Francia, trovati 3 bimbi sgozzati: madre in fuga


Un adolescente e due bambini sgozzati. La madre irreperibile. E il padre che ha trovato i cadaveri dopo aver fatto il turno di notte. Tragedia a Dampmart, in Seine-et-Marne, non lontano da Parigi. L'uomo, un medico specializzato, è sotto choc. È stato lui a dare l'allarme poco dopo le sette di venerdì mattina. La donna, sulla quarantina, è ricercata dalla polizia, ma risulta introvabile e irraggiungibile.


I tre avevano 9, 11 e 17 anni. Il padre, medico specialista, ne ha scoperto i cadaveri rientrando questa mattina poco dopo le 7 a casa dal turno di notte. La polizia, subito allertata, ha trovato i corpi di una bambina di 11 anni, poi del fratellino di 9, mentre il fratello maggiore era ancora in vita ma è morto poco dopo l'arrivo dei soccorsi. Secondo i primi accertamenti, la coppia stava vivendo una crisi coniugale.
Al momento, tuttavia, non è esclusa alcuna pista. Il padre, che pare sia un medico, ha lanciato l'allarme intorno alle 7.15 dopo essere rientrato nella sua abitazione, situata in una piccola stradina di Dampmart, una trentina di chilometri a est di Parigi.
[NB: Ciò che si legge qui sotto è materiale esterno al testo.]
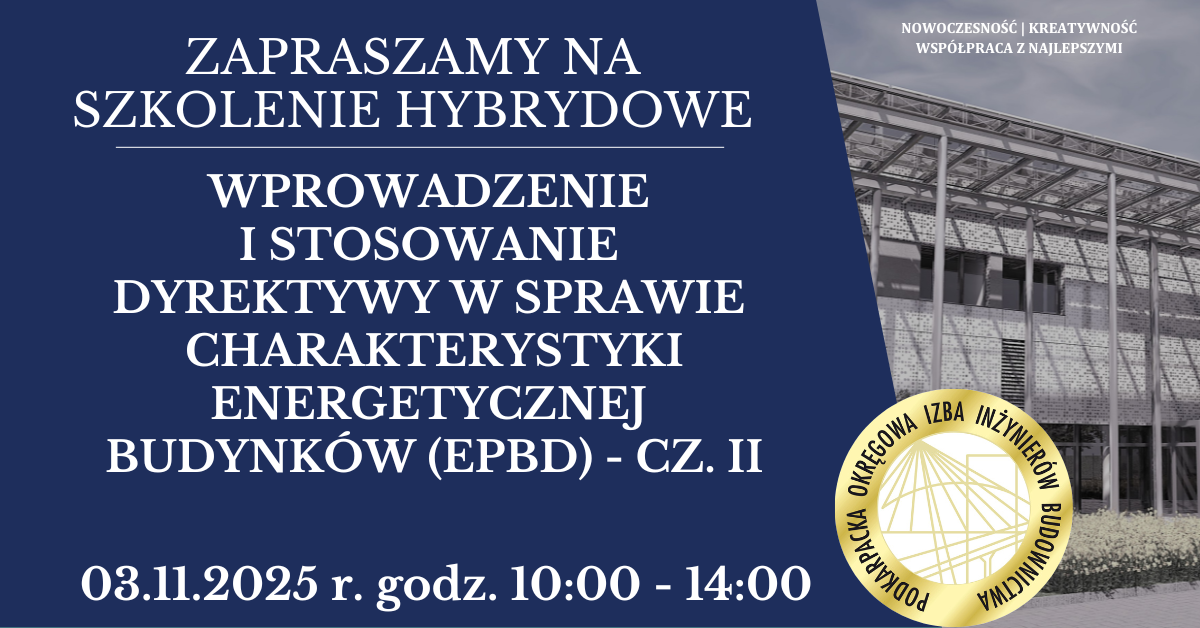 | Szkolenie hybrydowe PDK OIIB - Wprowadzenie i stosowanie dyrektywy w sprawie charakterystyki energetycznej budynków (EPBD) - cz. II - 03.11.2025 r. |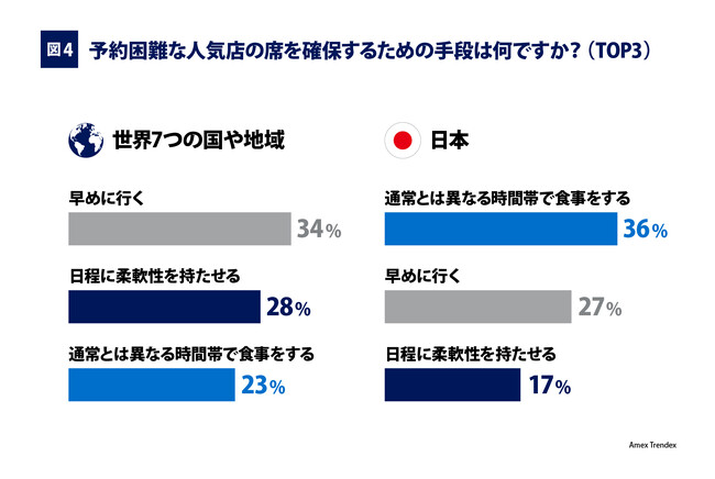 「予約困難な人気店の席を確保するための手段は何ですか?」という質問に対して、世界7つの国や地域の平均では、上位から「早めに行く(34%)」、「日程に柔軟性を持たせる(28%)」、「通常とは異なる時間帯で食事をする(23%)」でした。日本は、「通常とは異なる時間帯で食事をする(36%)」、「日程に柔軟性を持たせる(17%)」、「早めに行く(27%)」となっており、最も活用されている手段は、ピークの時間を避けるというものでした。【図4】

Una volta arrivati sul posto, i soccorritori hanno prima trovato il corpo di una bambina di 10 anni e poi quello del fratello di 16 anni, che presentava numerose ferite d'arma da taglio. Il fratello maggiore di 18 anni, ancora in vita quando è stato ritrovato, è morto in un secondo momento. Il padre è in stato di shock. L'accesso alla strada è stato bloccato per impedire il passaggio di veicoli. Sul posto si trovano la polizia ed esperti della scientifica.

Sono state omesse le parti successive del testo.